Data provided Start Marker

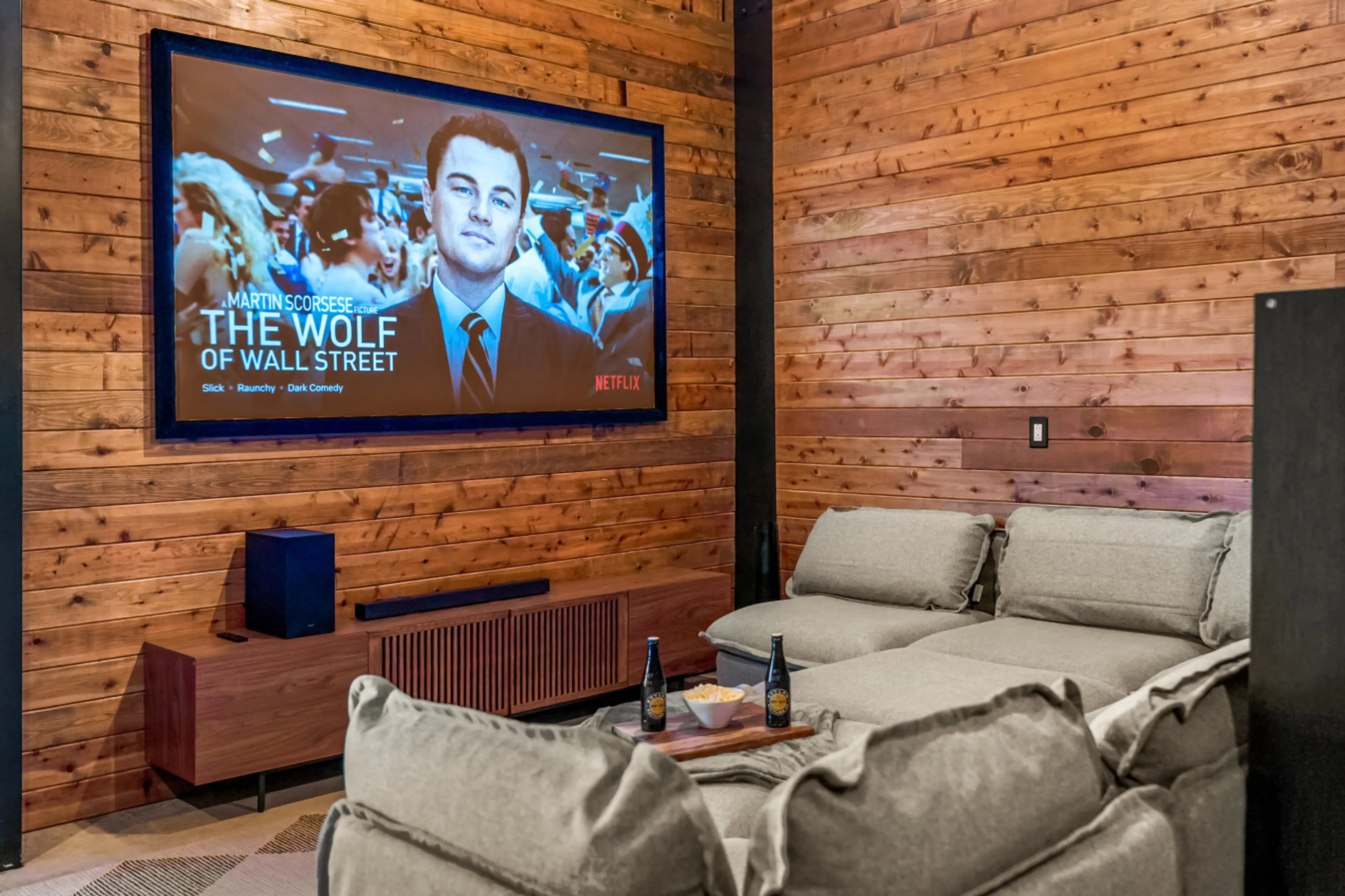 Escape to our luxe black A-frame in the pines—your private wellness + adventure retreat. Unwind and renew in the hot tub, sauna, or cold plunge, then cozy up in the large theater. Kids (and adults) will love the air hockey, ping pong, Pac-Man & board games. Enjoy organic linens, a latte machine, cof...
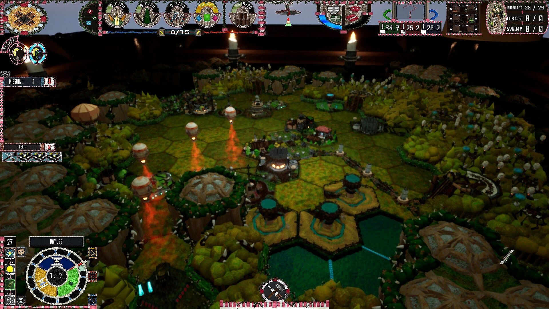 Prepare to face the climate of the different seasons which will modify the map (freezing water in winter, windswept desert in autumn, etc.) and affect the collection of resources.
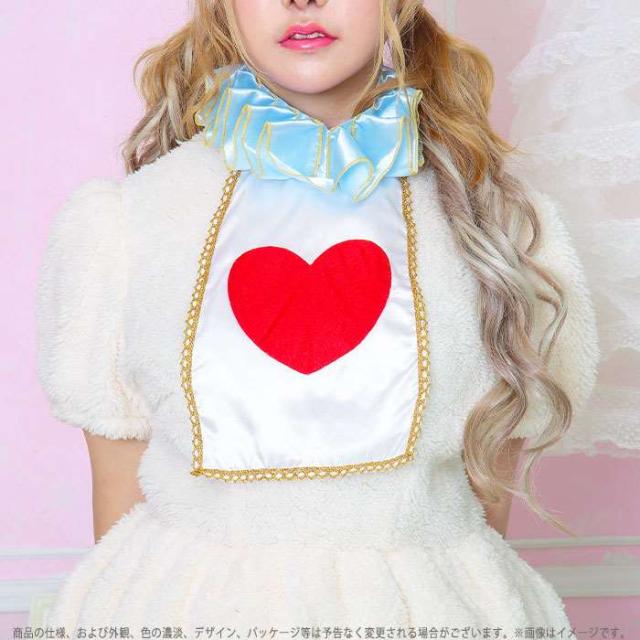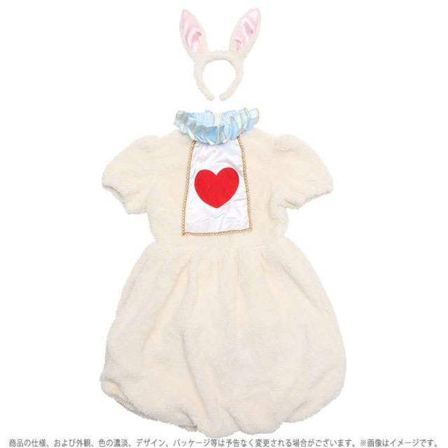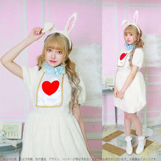 ふわもこアニマル ホワイトラビット。可愛くてあたたかいコスチューム、ふわもこアニマルシリーズ。ワンピースはもこもこしたファー素材。水色のボリュームのある襟と、胸元のハートがポイント。うさ耳はワイヤー入りで曲げられます。いろいろな動物でペアコーデやグループコーデ、テーマパークでのハロウィンにもおすすめ。
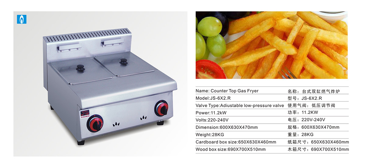 产品名:台式双缸燃气炸炉(JS-6X2.R)
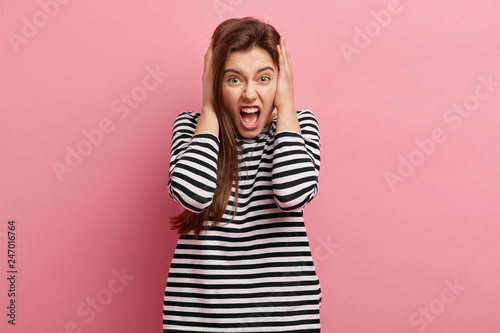 Headshot of frustrated young European lady keeps hands on ears, wears casual striped jumper, yells in displeasure, expresses negative emotions, isolated over pink background. Oh no, stop it please
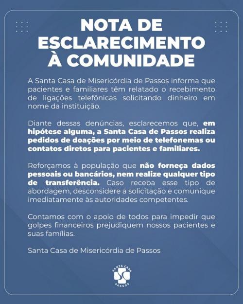 A Santa Casa de Misericórdia de Passos informa que pacientes e familiares têm relatado o recebimento de ligações telefônicas solicitando dinheiro em nome da instituição.
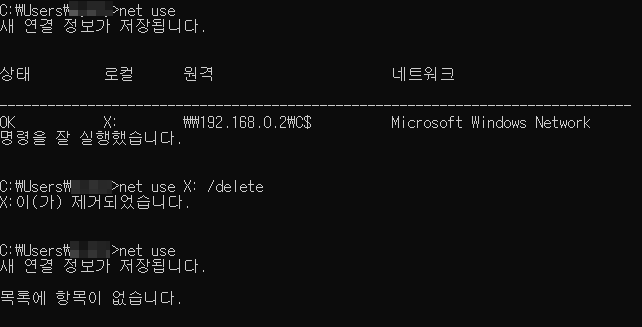 net use x: 192.168.0.2.경로 (192.168.0.2의)User명 Password

Data provided End Marker

(Exercise):
Each line above is to be repeated exactly as written; no picture is carried over.

(Answer):
 Escape to our luxe black A-frame in the pines—your private wellness + adventure retreat. Unwind and renew in the hot tub, sauna, or cold plunge, then cozy up in the large theater. Kids (and adults) will love the air hockey, ping pong, Pac-Man & board games. Enjoy organic linens, a latte machine, cof...
 Prepare to face the climate of the different seasons which will modify the map (freezing water in winter, windswept desert in autumn, etc.) and affect the collection of resources.
 ふわもこアニマル ホワイトラビット。可愛くてあたたかいコスチューム、ふわもこアニマルシリーズ。ワンピースはもこもこしたファー素材。水色のボリュームのある襟と、胸元のハートがポイント。うさ耳はワイヤー入りで曲げられます。いろいろな動物でペアコーデやグループコーデ、テーマパークでのハロウィンにもおすすめ。
 产品名:台式双缸燃气炸炉(JS-6X2.R)
 Headshot of frustrated young European lady keeps hands on ears, wears casual striped jumper, yells in displeasure, expresses negative emotions, isolated over pink background. Oh no, stop it please
 A Santa Casa de Misericórdia de Passos informa que pacientes e familiares têm relatado o recebimento de ligações telefônicas solicitando dinheiro em nome da instituição.
 net use x: 192.168.0.2.경로 (192.168.0.2의)User명 Password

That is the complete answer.